Exacto al revisar el esquema de Tupolev me di cuenta, mi idea con el esquema que hice y dentro de mi ignorancia y por aprovechar lo que tengo, es el de utilizar los dos transformadores pero en vez de como es y tu dices, es que los dos vayan directamente a 220V, es decir primer transformador primario 220 secundario 12v, en este caso tengo uno primario 220v secundario 9v 2 amperios continua, segundo transformador primario 220V secundario 15v 2 amperios, en este el secundario tiene salida a 13 y 15 v los dos a red con sus correspondientes fusibles de 3 amperios, y en las salidas poner tambien sus correspondientes fusibles, posiblemente estos no sean muy necesarios teniendo puestos los otros
Muchas gracias por tu respuesta y aclaracion


----------



## Keithray (Oct 26, 2012)

Bueno atreviendome nuevamente he realizado otro nuevo diagrama con la PCB de la fuente del pre realizado por Tupolev para que lo examineis, le he añadido un interructor, un fusible de 2 amperios, un led con su resistencia y el condensador de 470 micros 400v lo he cambiado por 2 de 330 micros 400v que tenia para aprobecharlos
Saludos a todos


----------



## Keithray (Dic 14, 2012)

Bien para vuestro examen os adjunto la PCB de la fuente de alimentacion que he realizado la he provado y funciona con su correspondiente L7806, aunque me mosquea mi tester digital, en teoria no de los chinos segun el de la tienda de electronica, pues a la salida del 7806 mide 12 v pero no se han quemado los filamentos de las 6N2P los añadidos realizados son los siguientes:

- Fusible
- Dos SW de tres patas con luz incorporada
- Puentes de diodos comerciales en vez de los cuatro diodos correspondientes
- Jack OUT
- 2 condensadores de 330 µF (660 µF) 400 v, recuperados en vez del de 470 µF

Todavia me queda por resolver el tema de los Leds conectados a los sw, DPDT, de efectos para que se enciendan segun la posicion del mismo

Espero vuestros comentarios


----------



## Keithray (Ene 8, 2013)

Juanfro aunque dicen que han publicado tu mensaje no lo veo en el enlace del tema pero te respondo a tu pregunta

Los materiales los he adquirido unos en una tienda de electronica de Madrid que estaban liquidando con lo cual las resistencias y condesadores me salieron bien deprecio comprados en ciertas cantidades el resto por Ebay en China y Macao, las valvulas 6N2P y socket en Lituania, Ucrania etc.

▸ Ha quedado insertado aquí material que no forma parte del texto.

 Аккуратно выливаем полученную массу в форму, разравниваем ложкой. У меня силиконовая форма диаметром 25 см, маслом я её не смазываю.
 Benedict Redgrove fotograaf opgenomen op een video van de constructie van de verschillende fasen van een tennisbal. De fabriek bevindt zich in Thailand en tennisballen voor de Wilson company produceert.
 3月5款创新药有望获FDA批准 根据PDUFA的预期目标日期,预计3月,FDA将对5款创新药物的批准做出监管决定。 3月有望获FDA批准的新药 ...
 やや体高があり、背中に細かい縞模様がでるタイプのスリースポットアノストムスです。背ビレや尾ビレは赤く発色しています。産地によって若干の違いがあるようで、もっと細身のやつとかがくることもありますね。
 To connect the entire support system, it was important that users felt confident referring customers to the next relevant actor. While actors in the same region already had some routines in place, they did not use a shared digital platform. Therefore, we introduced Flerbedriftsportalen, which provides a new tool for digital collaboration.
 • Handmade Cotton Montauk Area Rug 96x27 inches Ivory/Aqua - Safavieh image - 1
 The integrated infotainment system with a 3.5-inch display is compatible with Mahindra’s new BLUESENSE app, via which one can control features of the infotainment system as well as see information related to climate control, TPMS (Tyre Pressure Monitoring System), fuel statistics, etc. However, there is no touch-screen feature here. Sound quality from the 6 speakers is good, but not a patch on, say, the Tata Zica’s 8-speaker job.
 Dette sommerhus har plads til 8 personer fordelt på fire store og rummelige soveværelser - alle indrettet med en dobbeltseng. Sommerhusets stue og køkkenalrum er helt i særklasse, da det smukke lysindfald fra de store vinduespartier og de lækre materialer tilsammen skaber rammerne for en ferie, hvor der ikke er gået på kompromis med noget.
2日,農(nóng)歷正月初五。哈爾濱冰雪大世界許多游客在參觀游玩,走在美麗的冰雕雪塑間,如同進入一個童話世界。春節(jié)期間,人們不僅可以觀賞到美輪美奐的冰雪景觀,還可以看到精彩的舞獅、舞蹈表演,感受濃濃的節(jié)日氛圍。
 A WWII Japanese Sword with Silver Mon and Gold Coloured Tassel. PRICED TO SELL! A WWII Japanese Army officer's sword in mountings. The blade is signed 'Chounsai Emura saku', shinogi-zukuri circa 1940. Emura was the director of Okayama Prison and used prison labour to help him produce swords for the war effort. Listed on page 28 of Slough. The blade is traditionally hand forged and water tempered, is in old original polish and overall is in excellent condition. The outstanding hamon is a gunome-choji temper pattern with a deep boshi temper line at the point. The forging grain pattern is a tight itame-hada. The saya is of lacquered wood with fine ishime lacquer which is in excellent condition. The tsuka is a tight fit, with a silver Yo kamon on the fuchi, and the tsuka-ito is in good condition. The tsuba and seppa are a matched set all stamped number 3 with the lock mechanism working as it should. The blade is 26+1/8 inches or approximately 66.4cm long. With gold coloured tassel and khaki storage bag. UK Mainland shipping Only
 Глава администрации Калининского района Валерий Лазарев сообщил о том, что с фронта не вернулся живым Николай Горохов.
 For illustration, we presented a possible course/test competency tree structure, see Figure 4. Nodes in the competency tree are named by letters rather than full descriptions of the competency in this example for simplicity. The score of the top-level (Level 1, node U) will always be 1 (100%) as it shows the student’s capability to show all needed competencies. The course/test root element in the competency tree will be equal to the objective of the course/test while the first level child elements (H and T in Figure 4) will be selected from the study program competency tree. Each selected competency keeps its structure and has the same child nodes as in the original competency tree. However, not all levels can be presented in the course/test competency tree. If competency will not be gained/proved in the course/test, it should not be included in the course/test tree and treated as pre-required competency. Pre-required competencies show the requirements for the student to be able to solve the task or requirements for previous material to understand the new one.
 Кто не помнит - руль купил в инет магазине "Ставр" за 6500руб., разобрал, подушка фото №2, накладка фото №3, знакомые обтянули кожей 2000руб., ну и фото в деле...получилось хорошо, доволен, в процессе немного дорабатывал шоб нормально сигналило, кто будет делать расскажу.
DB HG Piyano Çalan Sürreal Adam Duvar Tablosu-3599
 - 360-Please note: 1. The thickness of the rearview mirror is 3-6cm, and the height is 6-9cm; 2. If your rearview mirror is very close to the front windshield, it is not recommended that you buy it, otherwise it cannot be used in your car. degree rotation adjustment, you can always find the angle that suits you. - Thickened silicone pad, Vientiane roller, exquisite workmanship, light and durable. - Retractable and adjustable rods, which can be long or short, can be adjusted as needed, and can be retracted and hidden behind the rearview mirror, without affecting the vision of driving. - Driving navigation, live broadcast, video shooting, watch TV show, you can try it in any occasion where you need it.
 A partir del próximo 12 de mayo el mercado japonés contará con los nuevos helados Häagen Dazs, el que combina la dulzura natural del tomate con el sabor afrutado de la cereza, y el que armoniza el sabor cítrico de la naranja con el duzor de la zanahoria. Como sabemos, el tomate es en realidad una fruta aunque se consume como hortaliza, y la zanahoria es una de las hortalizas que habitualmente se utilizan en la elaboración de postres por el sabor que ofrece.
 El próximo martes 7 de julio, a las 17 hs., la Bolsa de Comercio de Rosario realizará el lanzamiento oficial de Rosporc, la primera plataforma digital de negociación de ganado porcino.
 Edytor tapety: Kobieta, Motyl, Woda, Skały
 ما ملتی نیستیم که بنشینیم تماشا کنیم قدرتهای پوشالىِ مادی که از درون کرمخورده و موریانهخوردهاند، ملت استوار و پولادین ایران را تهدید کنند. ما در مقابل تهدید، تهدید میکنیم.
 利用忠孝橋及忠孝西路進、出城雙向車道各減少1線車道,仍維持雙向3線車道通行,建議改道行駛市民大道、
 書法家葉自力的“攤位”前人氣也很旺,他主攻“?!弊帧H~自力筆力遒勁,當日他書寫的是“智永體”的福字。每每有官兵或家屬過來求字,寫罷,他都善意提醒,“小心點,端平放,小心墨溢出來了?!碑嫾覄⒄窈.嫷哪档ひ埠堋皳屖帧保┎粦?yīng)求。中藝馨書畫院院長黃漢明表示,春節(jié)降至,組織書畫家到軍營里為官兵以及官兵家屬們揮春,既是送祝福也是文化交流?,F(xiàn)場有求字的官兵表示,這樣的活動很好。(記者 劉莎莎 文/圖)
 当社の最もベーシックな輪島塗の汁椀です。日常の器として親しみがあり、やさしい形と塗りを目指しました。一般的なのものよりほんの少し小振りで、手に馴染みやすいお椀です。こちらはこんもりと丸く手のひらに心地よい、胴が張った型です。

La lista que hice con los componentes, los que yo he utilizado aprobechando algunos, es la siguiente

CONDENSADORES

3 de 0.1 µf (100nf) 100V polyester 
3 de 22µf 100v electrolitico
1 de 330pf (331J) ceramico, vulgarmente de lenteja
4 de 0.0047 (47nf) 250v polyester
1 de 270pf ceramico no encontre el de 250pf segun esquema
1 de 820pf ceramico no encontre el de 750pf segun esquema
3 de 22µf 400v electrolitico casi le puse unos de 33µf 400v
2 de 470pf (471) ceramico
1 de 0.022 µf (22nf) 400v polyester
1 de 10µf 63v electrolitico

Diodos

2 Zener 5.6v
2 1N4148

Resistencias

1 de 10K 2w
1 de 1K 2w
3 de 220K 1w
5 de 1.5K (1K5) 2w
1 de 220 ohmios 2w
2 de 82K 1w
7 de 100K 2w
3 de 2.2K (2K2) 3w
3 de 1 Mega 1w
1 de 2.2 Megas (2M2) 2w
1 de 330K 3w
1 de 150K 1w
1 de 470K 2w
2 de 68K 3W

3 Valvulas 6N2P rusas 6,3 v alimentacion filamentos, cuidado que las 12AX7 van a 12v

Para la fuente lo especificado pero utilice 2 puentes de diodos de 4 para el circuito de los filamentos de las valvulas y 3 amperios para el otro circuito* y un 7806 con disipador pues se calienta

Si no encuentras algun componente pon el mas aproximado por en cima de su valor nunca por debajo, es decir 22µf 400v, pues 22µf 450v, 30µf 400v, etc, en la resistencias mejor los valores del circuito

Espero que te sirva


----------



## lopezpablo39 (Mar 3, 2013)

javier xino dijo:


> al fin arme el preamplificador !!
> 
> quiero dar las gracias a tupolev por el diseño  y por compartir .
> 
> ...




Que haces papá, te felicito por hacer funcionar el pre... Yo lo conecte a un Amplificador y no anda... Controle las señales en las etapas con un osiloscopio y la senal de salida es satisfactoria... Pero al conectorlo al amplificador, la señal de salida del Pre desaparece, se anula supongo, no se bien lo que pasa, pero es raro... El ampli es un tda2030. Yos lo conectaste directo de la salida del Pre al Amplificados?



Saludos Man...!


----------



## Amruiz (May 6, 2013)

hola....
de cuantos watios tendrian que ser las resistencias?


----------



## jorge ferreira de araujo (Feb 13, 2014)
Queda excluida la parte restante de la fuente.